Photographe pervers : Pas de procès pour les victimes qui l’ont dénoncé sur les réseaux sociaux


Deux jeunes femmes comparaissent aujourd’hui au tribunal de Champ Fleuri pour "cyber harcèlement", après avoir dénoncé les agissements d’un photographe qu'elles jugent pervers sur le réseau social Instagram. Plusieurs plaintes pour abus de confiance et attouchements sexuels ont été déposées à l’encontre du professionnel de l’image. Lui-même avait déjà déposé plainte contre les deux jeunes lanceuses d’alerte.

Par - Publié le Vendredi 26 Juin 2020 à 10:48 | Lu 6454 fois

Photo d'illustration
Photo d'illustration
"J’ai juste signalé un mauvais comportement, et je me retrouve accusée de harcèlement, je suis un peu choquée", nous confiait Laura* au début du mois de juin.
 
Une autre jeune modèle que nous appellerons Coralie* et elle comparaissent aujourd’hui devant le tribunal pour "cyber-harcèlement", après avoir publié sur Instagram des témoignages de victimes d’un même photographe "pervers".
 
Coralie en a fait les frais en personne, et nous racontait déjà son shooting infernal dans le studio Saint-Pierrois du photographe : alors qu’elle avait clairement indiqué ne pas vouloir poser seins nus, l’homme a insisté en feignant une technique de retouche photo, et les exigences des marques de modes pour lesquelles il dit travailler (Etam, Calvin Klein).
 
Suite à leurs publications sur les réseaux sociaux, le photographe et sa compagne ont porté plainte pour cyber harcèlement contre les deux jeunes femmes. Mais le procès n’a pas pu avoir lieu ce vendredi devant le tribunal correctionnel. Les raisons : une citation (ce qui sert pour la partie civile à saisir le tribunal ) peu claire à cause du manque de précision liée aux lieux et aux dates des faits, l’absence des casiers judiciaires des prévenues et selon l’avocat de la défense, Me Jean-Jacques Morel, une incertitude liée aux preuves sur Instagram.
 
En effet, il s’agit de manquements dans le constat de l’huissier de justice: lorsque la partie civile cite les prévenus à comparaître au tribunal sans qu’il n’y ait eu d’enquête.
 
La citation a été déclarée nulle par le tribunal. Il n'y a donc plus de procès.
 
Mais l’affaire ne devrait pas en rester là puisqu’au moins 4 jeunes femmes, dont une mineure, ont porté plainte contre le photographe pour abus de confiance et attouchements sexuels.

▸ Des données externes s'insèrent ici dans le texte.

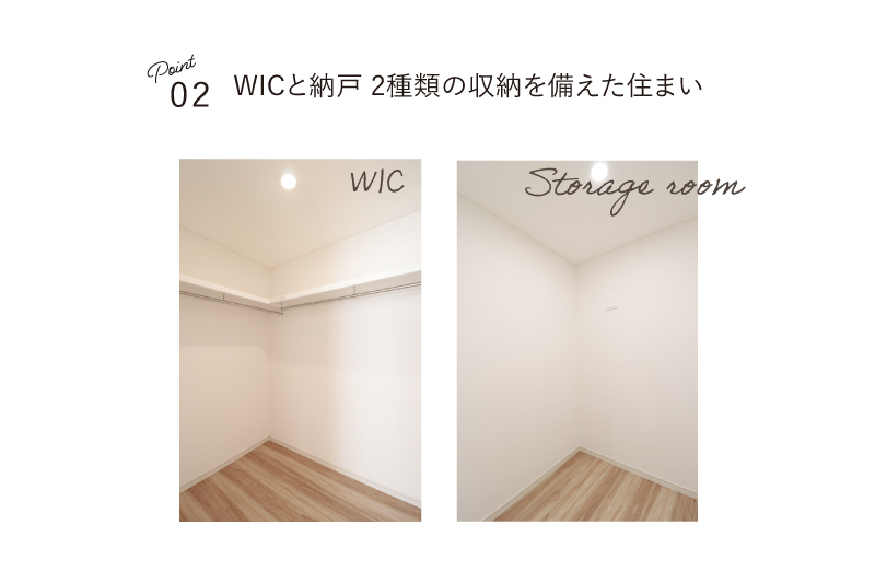 ウォークインクローゼットと納戸の2種類の収納を備え、暮らしの中に“整う心地よさ”を生み出します。

"Le tribunal a délibéré à la vitesse du vent, il a annulé la procédure. Les deux jeunes filles que j’assistais ce matin sont très satisfaites. Satisfaites, mais nous sommes tous un peu frustrés, puisque nous aurions aimé aborder le fond de l’affaire", indique par ailleurs Jean-Jacques Morel, avocat des deux jeunes femmes.

"Parce que cette affaire, c’est "Me Too" ! Et même si parfois les propos ont pu être vifs vis-à-vis du photographe, ils ont été dictés par une protestation politique et sociale".

Du côté du photographe, il s'agissait pour lui d'attaques sous forme de story, vidéos et commentaires le traitant de "pédophile" ou encore de "porc", devenues par la suite virales. Mais les preuves de ses agissements seraient selon lui, insuffisantes. Il nie. 

Dommage malgré tout pour une première affaire de cyber harcèlement à La Réunion, "on en sort malgré tout frustrés, ça aurait été un beau débat", avoue Me Jean-Jacques Morel. 



Charlotte Molina
Poseuse de questions qui fâchent, j’aimerais pouvoir arrêter la musique qui joue constamment dans... En savoir plus sur cet auteur


1.Posté par SNOEK le 26/06/2020 12:20

C'est à la justice de faire justice pas aux réseaux sociaux.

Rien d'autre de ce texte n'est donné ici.